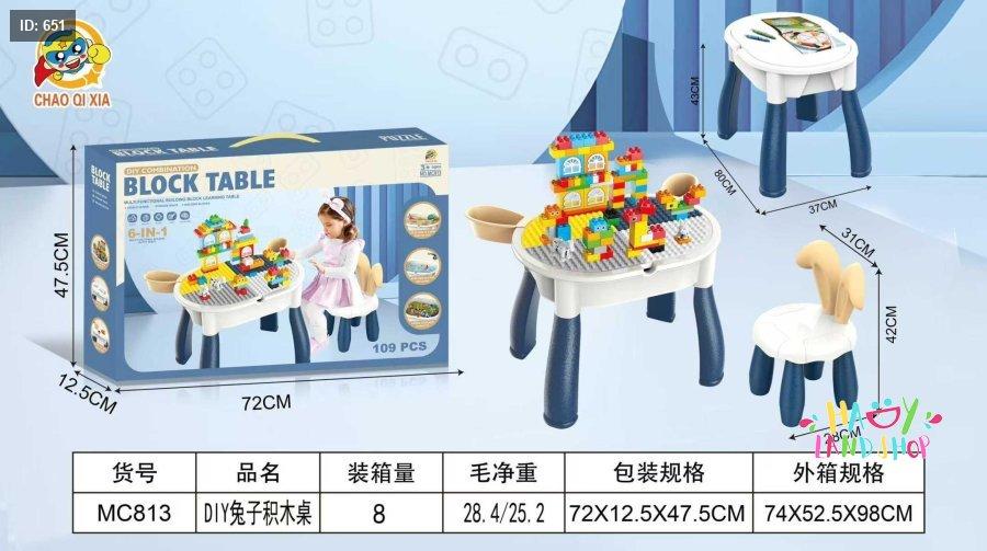 اكتشف الهدية المثالية التي تجمع بين المرح والتعليم! طاولة متعددة الوظائف تمكن طفلك من البناء، الرسم، والتعلم، تأتي مع طقم مكعبات كامل وكرسي بتصميم "الأرنب" المحبب للأطفال.
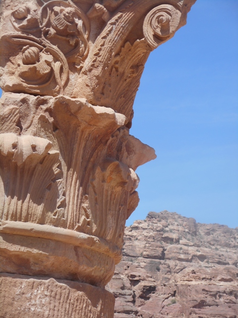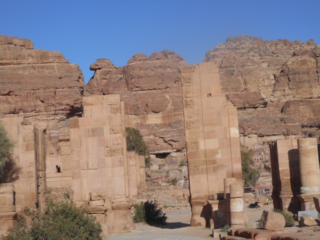 La rue des colonnes est soigneusement dallée, elle passe sous une arche Temenos (125-225 Ap JC)de conception romaine . Les colonnes soutenaient des galeries couvertes abritant des magasins pour les marchandises en provenance d’Afrique et d’Arabie.
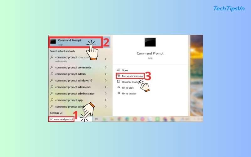 Bước 1: Truy cập Start Menu và nhập “Command Prompt” vào thanh tìm kiếm trên màn hình. Khi kết quả xuất hiện, nhấp chuột phải vào ứng dụng và chọn “Run as administrator”. Thao tác này giúp mở Command Prompt với quyền quản trị, đảm bảo bạn có thể thực hiện các lệnh cần thiết.
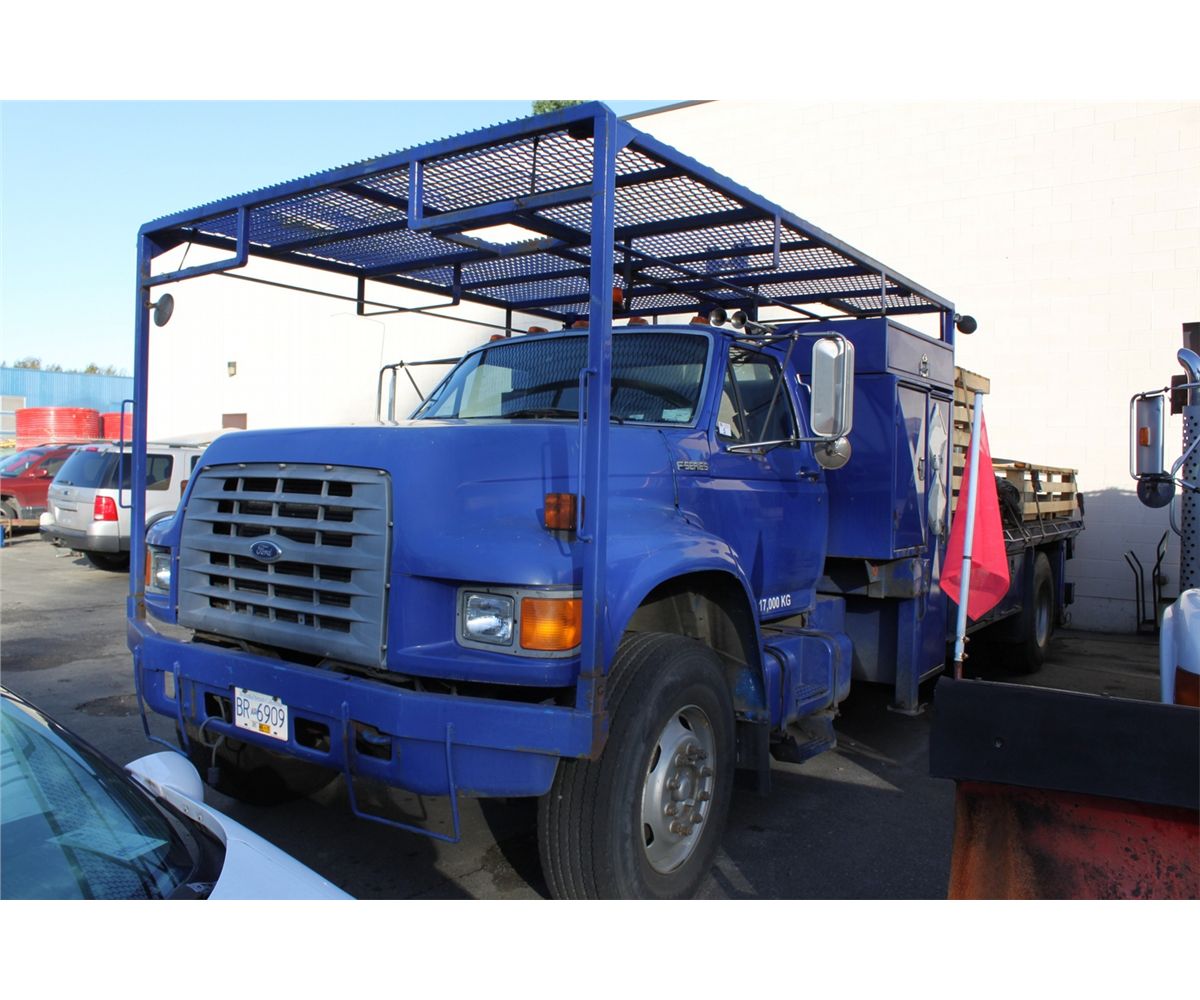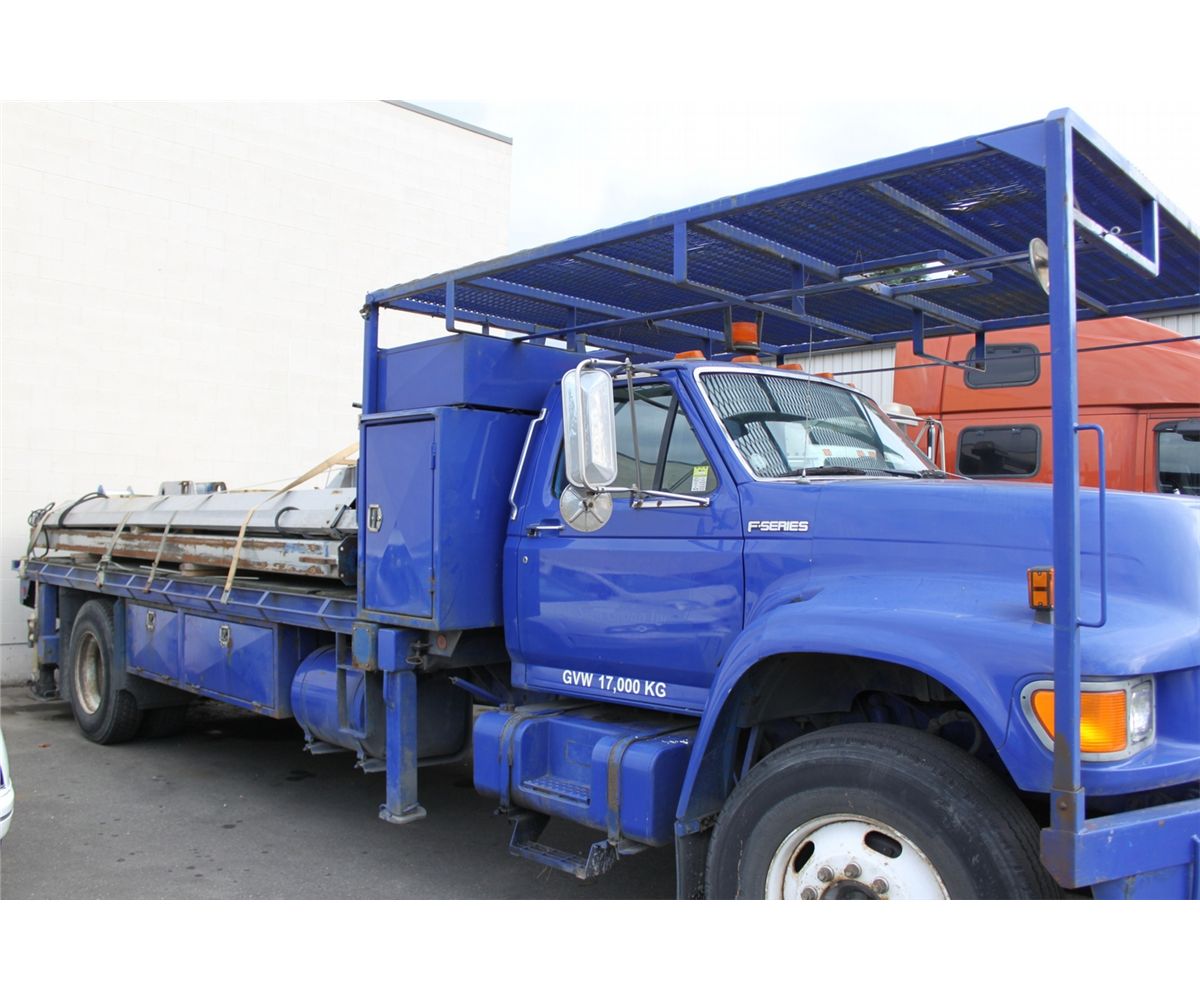 1998 BLUE FORD F800 FLAT DECK 246,301KM DIESEL MANUAL VIN:1FD4F80C7WVA22904 - 2NDC - 2 GLASS REPAIRS TTL$952.74 - 1 COMP. $ 9,900.00 - BOOM ATTACHMENT - RD CR - AIRCARE REQUIRED
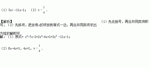 (1)( x2-7x-2)-(-2x2+4x-1) (2)8x=4x+1(解方程)
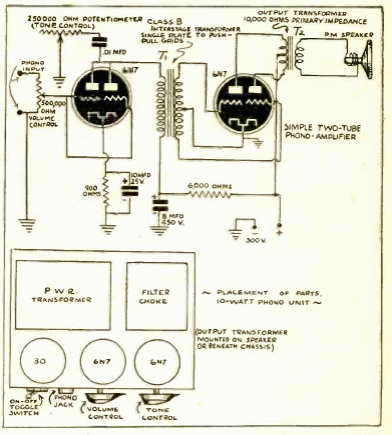 Esta interesante configuración de amplificador de doble triodo apareció en una publicación de 1942. El circuito no es el mejor, ya que las válvulas triodo no son adecuados para la amplificación de audio de potencia, pero es una solución alternativa sugerida por la publicación.
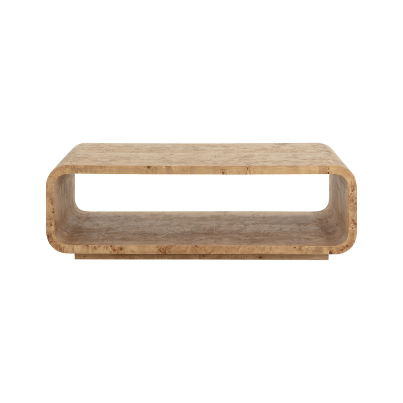 The Rowena Coffee Table from Sunpan embodies the essence of contemporary design through its harmonious balance of fluid contours and architectural precision. This distinguished piece showcases the extraordinary visual complexity of burl veneer—each table presenting a unique topography of swirling patterns and rich dimensional character that cannot be replicated. The meticulously crafted silhouette, with its elevated proportions and refined profile, transforms the traditional coffee table into a sculptural centerpiece.
━━━━━━━━━━
EXERCISE GOAL: With the pictures left out, transcribe exactly the lines from the line holding "La rue des colonnes" through the closing line of the entries.

PROBLEM SOLUTION:
 La rue des colonnes est soigneusement dallée, elle passe sous une arche Temenos (125-225 Ap JC)de conception romaine . Les colonnes soutenaient des galeries couvertes abritant des magasins pour les marchandises en provenance d’Afrique et d’Arabie.
 Bước 1: Truy cập Start Menu và nhập “Command Prompt” vào thanh tìm kiếm trên màn hình. Khi kết quả xuất hiện, nhấp chuột phải vào ứng dụng và chọn “Run as administrator”. Thao tác này giúp mở Command Prompt với quyền quản trị, đảm bảo bạn có thể thực hiện các lệnh cần thiết.
 1998 BLUE FORD F800 FLAT DECK 246,301KM DIESEL MANUAL VIN:1FD4F80C7WVA22904 - 2NDC - 2 GLASS REPAIRS TTL$952.74 - 1 COMP. $ 9,900.00 - BOOM ATTACHMENT - RD CR - AIRCARE REQUIRED
 (1)( x2-7x-2)-(-2x2+4x-1) (2)8x=4x+1(解方程)
 Esta interesante configuración de amplificador de doble triodo apareció en una publicación de 1942. El circuito no es el mejor, ya que las válvulas triodo no son adecuados para la amplificación de audio de potencia, pero es una solución alternativa sugerida por la publicación.
 The Rowena Coffee Table from Sunpan embodies the essence of contemporary design through its harmonious balance of fluid contours and architectural precision. This distinguished piece showcases the extraordinary visual complexity of burl veneer—each table presenting a unique topography of swirling patterns and rich dimensional character that cannot be replicated. The meticulously crafted silhouette, with its elevated proportions and refined profile, transforms the traditional coffee table into a sculptural centerpiece.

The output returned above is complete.